The space between wanting to be right and knowing we are wrong!

The space between wanting to be right and knowing we are wrong!


When we discover that we have been wrong, we say that we were under an illusion, and when we no longer believe in something, we say that we are disillusioned. More generally, analogies to vision are ubiquitous in the way we think about knowledge and error. People who possess the truth are perceptive, insightful, observant., illuminated, enlightened, and visionary; by contrast, the ignorant are in the dark. When we comprehend something, we say I see. And we say, too, that the scales have fallen from our eyes; that once we were blind, but now we see.

This link between seeing and knowing is not just metaphorical. For the most part, we accept as true anything that we see with our own eyes, or reg­ister with any of our other senses. We take it on faith that blue is blue, that hot is hot, that we are seeing a palm tree sway in the breeze because there is a breeze blowing and a palm tree growing. 

We are all prone to regarding the ideas in our own heads as direct reflections of reality, and this particularly true in the domain of perception. Heat, palm trees, blueness, breeziness: we take these to be attributes of the world that our senses simply and passively absorb.

For a different example of the utility of interpretation, consider your blind spot—the literal one, I mean. The blind spot is that part of the eye where the optic nerve passes through the retina, preventing any visual pro­cessing from taking place. If perception were just unembellished sensation, we would experience a chronic lacuna where this nerve interrupts our visual field. Buv we do not, because our brain automatically corrects the problem through a process known as coherencing.  

No matter what these processes do, though, one thing remains the same: we have no idea that they are doing it.
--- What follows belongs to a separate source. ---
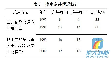 前幾年某單位在水文地質(zhì)領(lǐng)域剛起步,經(jīng)驗不足,找水主要依靠物探工作,片面追求效率,急于求成,效果很不理想。后來意識到了基巖裂隙水地區(qū)水文地質(zhì)調(diào)查工作的重要性,及時調(diào)整了思路,加強了這方面的工作力度,取得了比較好的結(jié)果。近幾年來基巖裂隙水地區(qū)定井成功率見表1。
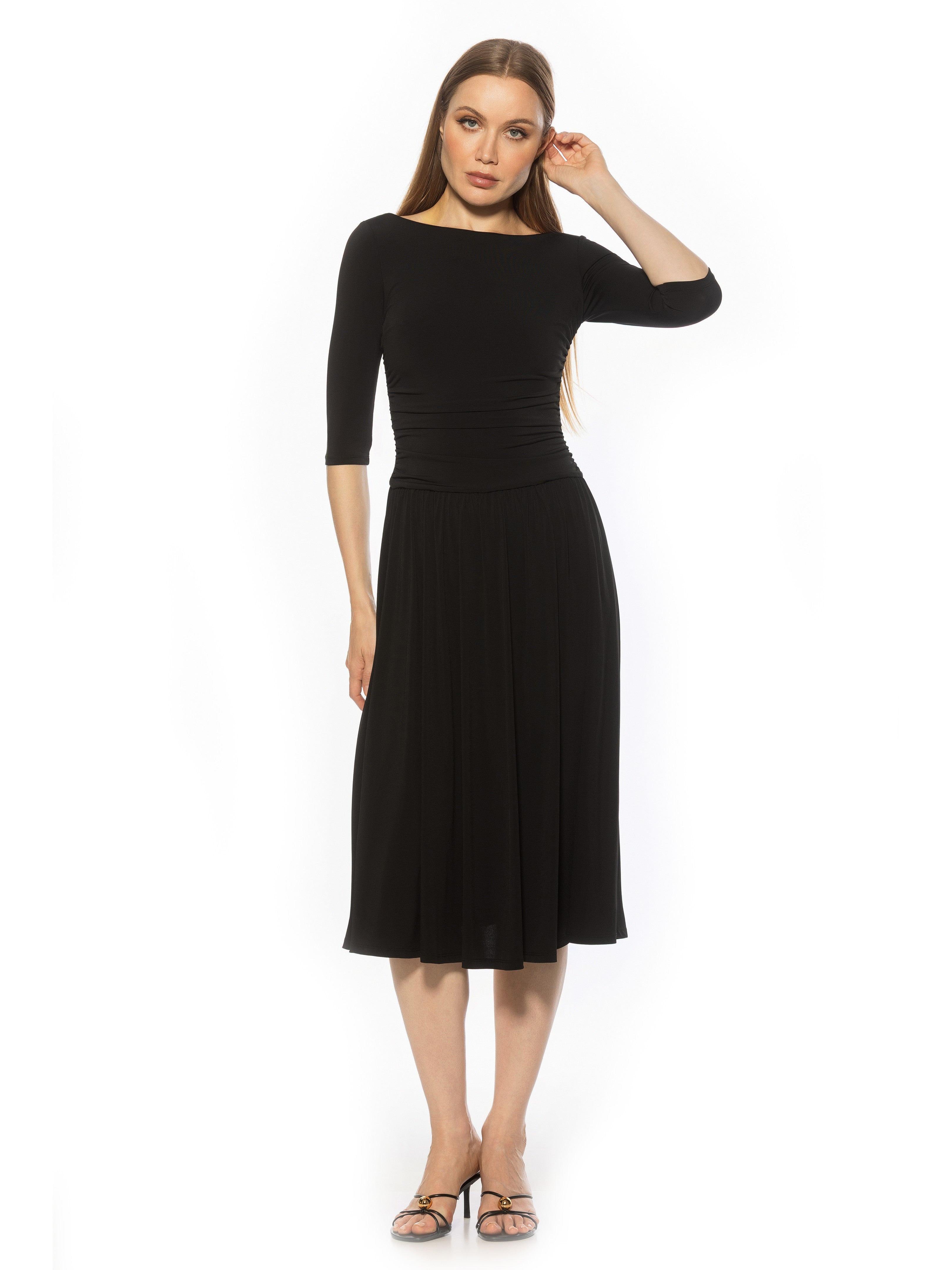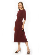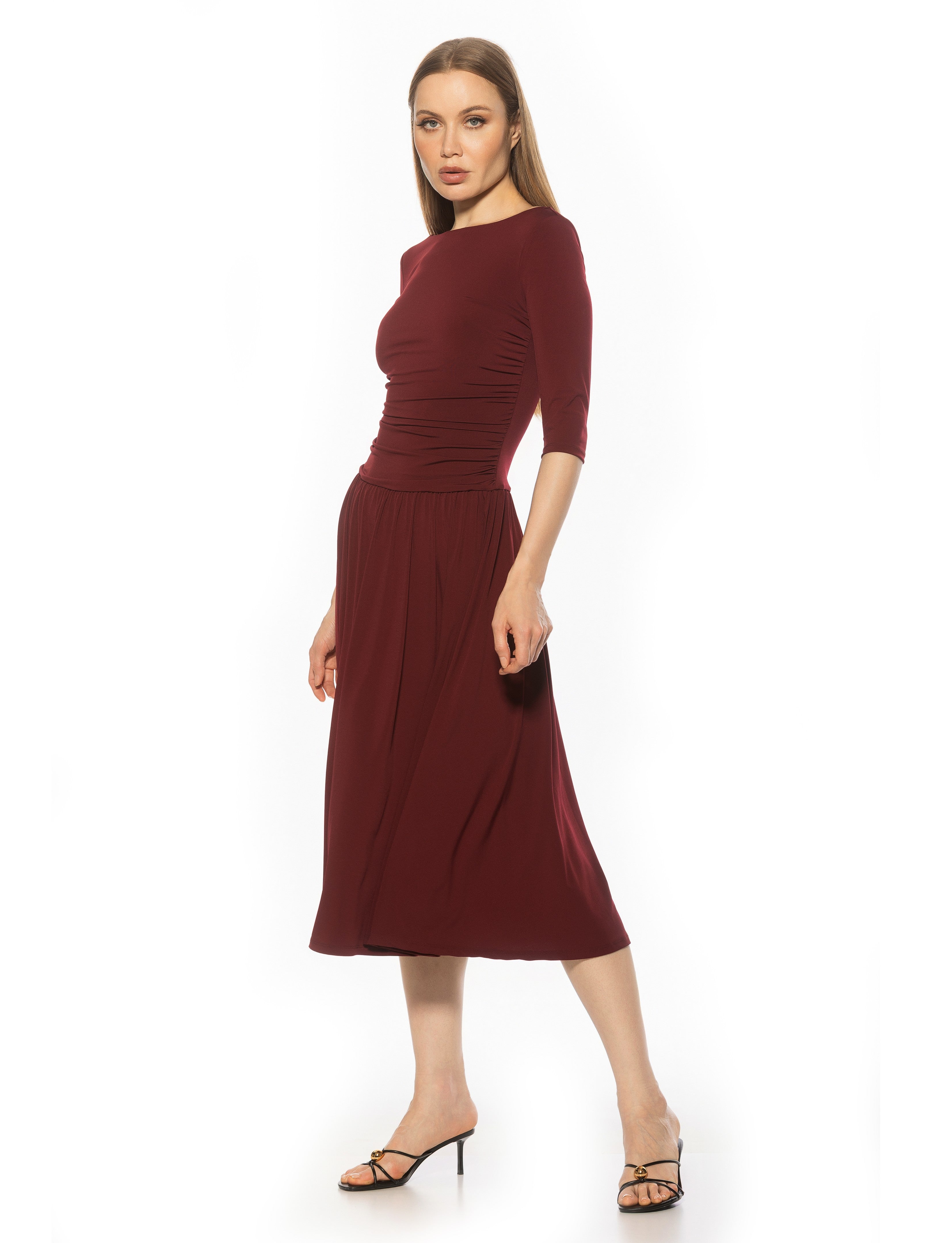 The Jada Boat Neck Ruched Dropped Waist Maxi Dress Is A Must Have Piece. This Dress Features Short Sleeves, Dropped Waist, And Long Skirt. This Item Fits True To Size.

The mechanisms that form our perceptions operate almost entirely below the level of conscious aware­ness; ironically, we cannot sense how we sense. And here another bit of meta-wrongness arises. Because we can’t perceive these processes in action, and thereby take note of the places where error could enter the picture, we feel that we cannot be wrong. Or, more precisely, we cannot feel that we could be wrong. Our obliviousness to the act of interpretation leaves us insensitive—literally—to the possibility of error.